Mini Kernel Dump File: Only registers and stack trace are available

...

0: kd> !process 0 0

**** NT ACTIVE PROCESS DUMP ****

GetPointerFromAddress: unable to read from fffff800030c5000

Error in reading nt!_EPROCESS at 0000000000000000

A kernel memory dump includes more information, but switching to a different process’s address space mappings won’t work because required data isn’t in the dump file. Here is an example of the debugger loading a kernel memory dump, followed by an attempt to switch process address spaces:

Microsoft (R) Windows Debugger Version 6.12.0002.633 AMD64

Loading Dump File [C:\Windows\MEMORY.DMP]

Kernel Summary Dump File: Only kernel address space is available

...

0: kd> !process 0 0 explorer.exe

PROCESS fffffa8009b47540 ...

0: kd> .process fffffa8009b47540

Process fffffa80`09b47540 has invalid page directories

While a complete memory dump is a superset of the other options, it has the drawback that its size tracks the amount of physical memory on a system and can therefore become unwieldy. Because user-mode code and data are not used during the analysis of most crashes (because crashes originate as a result of problems in kernel memory, and system data structures reside in kernel memory), much of the data stored in a complete memory dump is not relevant to crash analysis and therefore contributes wastefully to the size of a dump file. A final disadvantage is that the paging file must be at least as large as the amount of physical memory on the system plus 1 MB for the dump header, plus up to an additional 256 MB for secondary crash dump data. Because the size of the paging files required, in general, inversely tracks the amount of physical memory present, this requirement can force the paging file to be unnecessarily large. You should therefore consider the advantages offered by the small and kernel memory dump options.

An advantage of a minidump is its small size, which makes it convenient for exchange via e-mail, for example. In addition, each crash generates a file in the directory %SystemRoot%\Minidump with a unique file name consisting of the date, the number of milliseconds that have elapsed since the system was started, and a sequence number (for example, 040712-24835-01.dmp). If there’s a conflict, the system will attempt to create additional unique file names by calling the Windows GetTickCount function to return an updated system tick count, and it will also increment the sequence number. By default, Windows saves the last 50 minidumps. The number of minidumps saved is configurable by modifying the MinidumpsCount value under the HKLM\SYSTEM\CurrentControlSet\Control\CrashControl registry key.

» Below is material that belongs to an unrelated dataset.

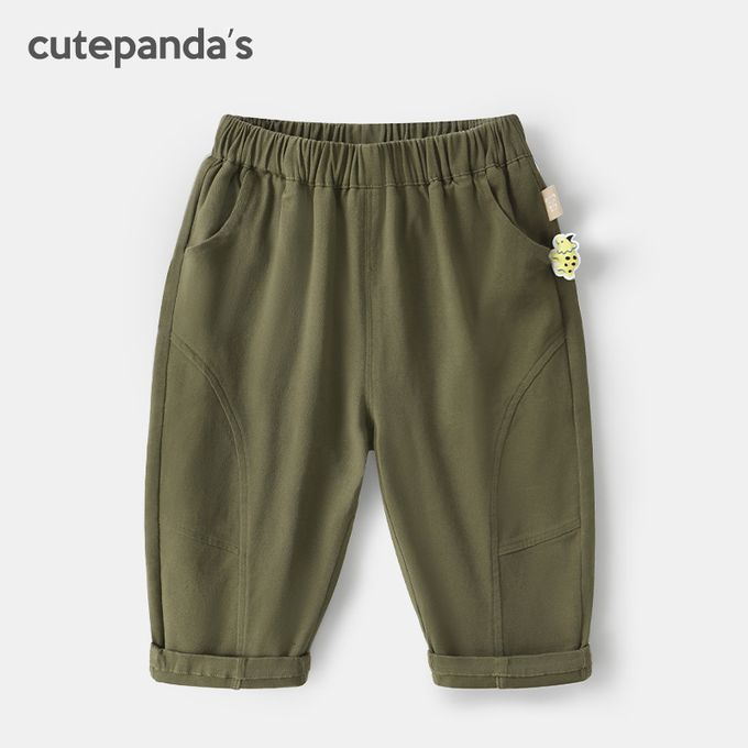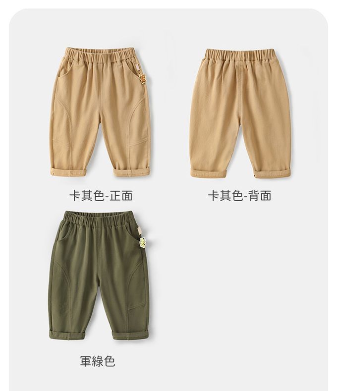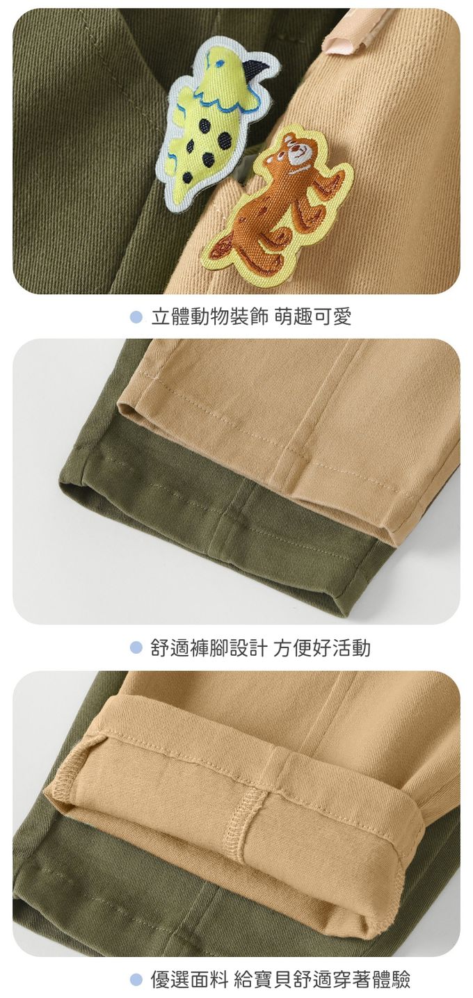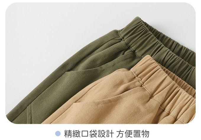 腰鬆緊百搭休閒長褲-澎澎立體裝飾-軍綠色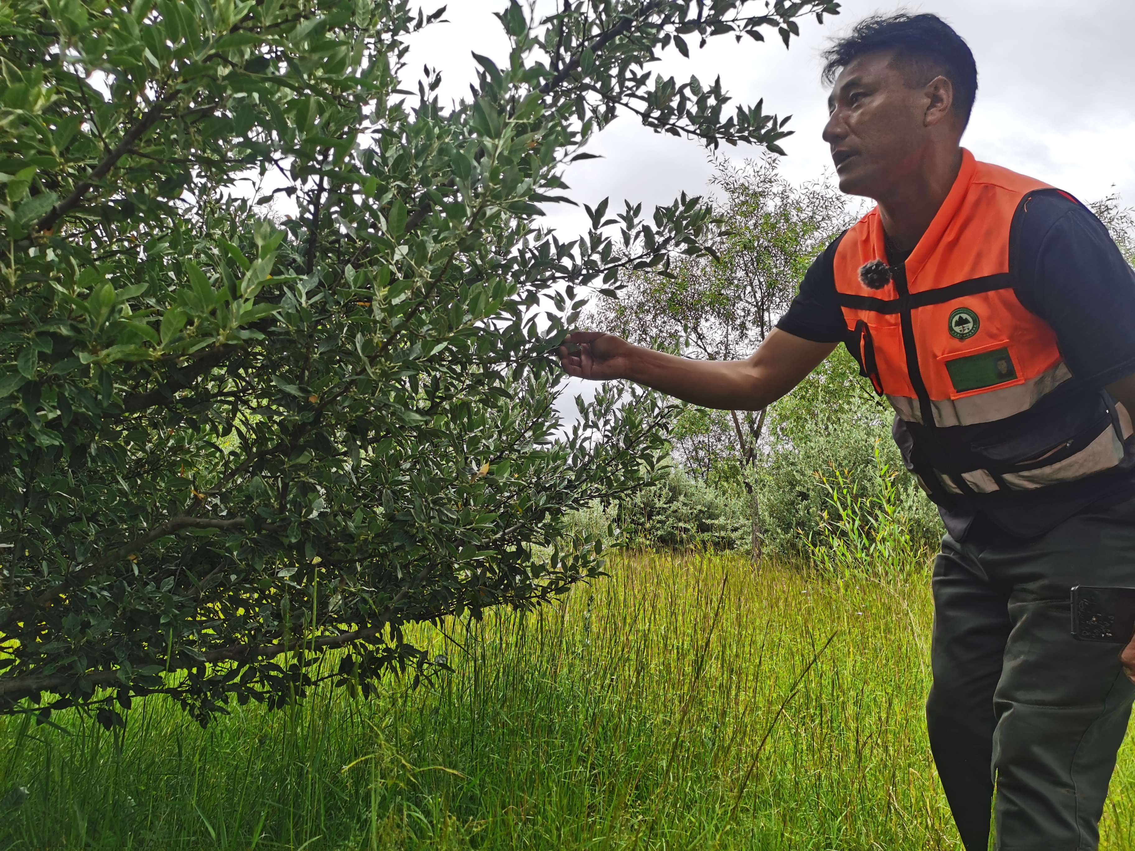 旺扎談到,他很喜歡管護(hù)員這份工作,一干就是18年。這里的一草一木他每天都要查看,有時(shí)能一眼看出哪些樹(shù)木遇到了什么樣的蟲(chóng)害問(wèn)題。一旦有蟲(chóng)害發(fā)生,他會(huì)馬上向上級(jí)主管部門(mén)匯報(bào),及時(shí)跟進(jìn)治療。為了更好做好濕地管護(hù)工作,每年旺扎還會(huì)參加3~4次培訓(xùn),學(xué)習(xí)如何分辨林草病蟲(chóng)害、如何防火等。如今,濕地生態(tài)越來(lái)越好,很多外地的游客慕名前來(lái)。每次看到他們專程來(lái)到這里欣賞美景,拍照打卡,他都會(huì)很開(kāi)心。在旺扎眼里,這兒一年中最美好的季節(jié)莫過(guò)于夏季,此時(shí)到處是綠綠的草、清清的水,還有各色各樣的野花競(jìng)相開(kāi)放。

A disadvantage of minidumps is that to analyze them, you must have access to the exact images used on the system that generated the dump at the time of analysis. (At a minimum, a copy of the matching Ntoskrnl.exe is needed to perform the most basic analysis.) This can be problematic if you want to analyze a dump on a system different from the system that generated the dump. However, the Microsoft symbol server contains images (and symbols) for all recent Windows versions, so you can set the symbol path in the debugger to point to the symbol server, and the debugger will automatically download the needed images. (Of course, the Microsoft symbol server won’t have images for third-party drivers you have installed.)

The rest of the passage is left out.